What do you do with your conscience, with your life, in this world where “predatory capitalism has never been more invisible, more inevitable-seeming”? That dilemma tears at Ira, the narrator of this haunting novel. Ira is a Socialist, grad student, intellectual, atheist. And yet, through Mcilvain’s alchemy, Ira becomes a modern Everyman. I felt each step of his journey; his confusion, helplessness, even his earnestness. Far from being a decisive character, Ira, like many of us, is lost.
Ira meets Sam, an MFA poet looking for a more radical form of expression. This will lead him to underground Socialists calling themselves The Group, including Alex, his charismatic and no-nonsense ex-girlfriend. At the same time, Ira will meet and fall in love with the opposite: Jen, a beautiful pianist who wants a very different life. The stage is set. As an Enron-like company makes headlines for bankrupting millions of lives, and The Group plans to take some form of extreme action, and Ira gets engaged to Jen who may be the love of his life, we feel the tension build: we are on a collision course. By the end of this novel, none of the characters will be the same.

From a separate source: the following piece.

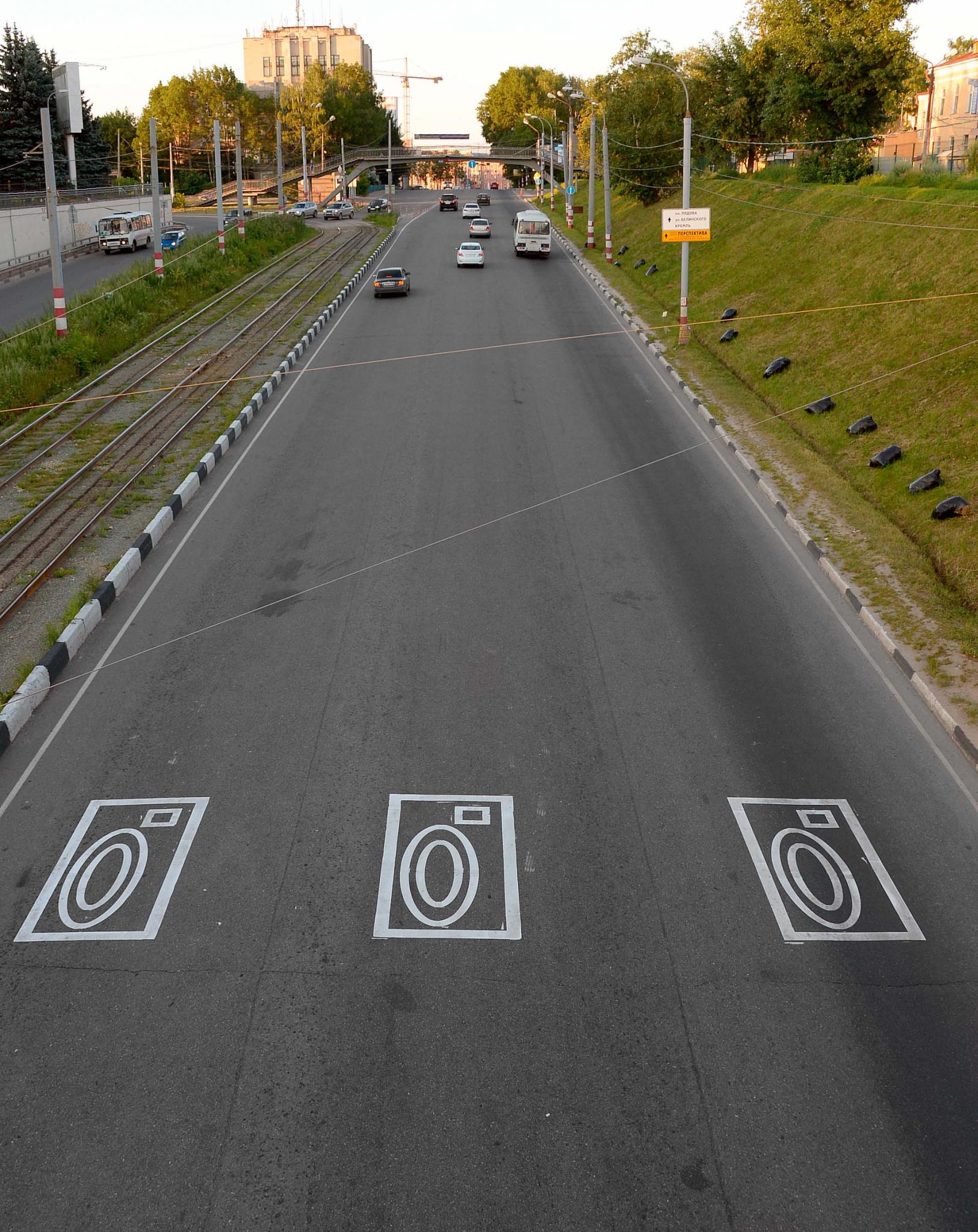 Но ведь не все ограничения вводятся дорожными знаками. Иногда они могут быть обусловлены статусом дороги или места, через которое она проходит. Например, все знают, что общее ограничение скорости в городе – 60 км/ч. Для этого нет необходимости устанавливать знаки «60», а лишь достаточно проинформировать водителя о том, что он находится в населенном пункте, установкой соответствующего дорожного знака 5.23.1 с названием города или поселка на белом фоне или знака 5.23.2 (на нем, если кто не помнит, изображен силуэт города). Однако с этими знаками дополнительная табличка не применяется – стандарт не предусматривает. Как раз для таких случаев в «запасе» у ПДД имеется дорожная разметка 1.24.3 со схематичным изображением фотокамеры. Беда в том, что разметка – вещь в наших условиях крайне непрактичная: она может стереться, загрязниться или просто остаться не замеченной водителем.

Yes somehow, through it all — the deceptions, the wreckage, the deaths — Mcilvain never loses sight of Eli’s humanity. The tender moments in this novel are some of the most touching of all. I think, in part, the secret is in the writing. The prose is beautiful, filled with quick poetic imagery, and Mcilvain does something unique with it: he re-describes the physical world over and over through Ira’s “doomy imagination.” The cities, the houses, the rooms, the weather, and especially the faces. Eli sees Sam and Alex and Jen different each time, noting something new or familiar, which in turn reveals something new or familiar within himself. This is Eli grasping at the world, trying to find the truth underneath the appearances, and for me it made for an evocative read. I felt like I was seeing (and re-seeing) the world through Eli’s eyes. Do yourself a favor: read this one slowly, think as you go, sink in.
Radicals is a disturbing, timely novel. Like Ira, I feel torn between the comforts of a conventional life and the injustice that seems necessary to support it; between ideals and reality. And like Ira, I don’t know what to do about it anymore. I’ve protested. I’ve donated. Such actions exerted pressure on the power structures in the past. But now? As Ira observes, “Marches and protests were the release valves a militarized state let the people pull.” So what do you do? Do you keep grinding away? Do you take more extreme action? Radials is a heartfelt, intelligent, and honest exploration of a question that may be impossible to answer.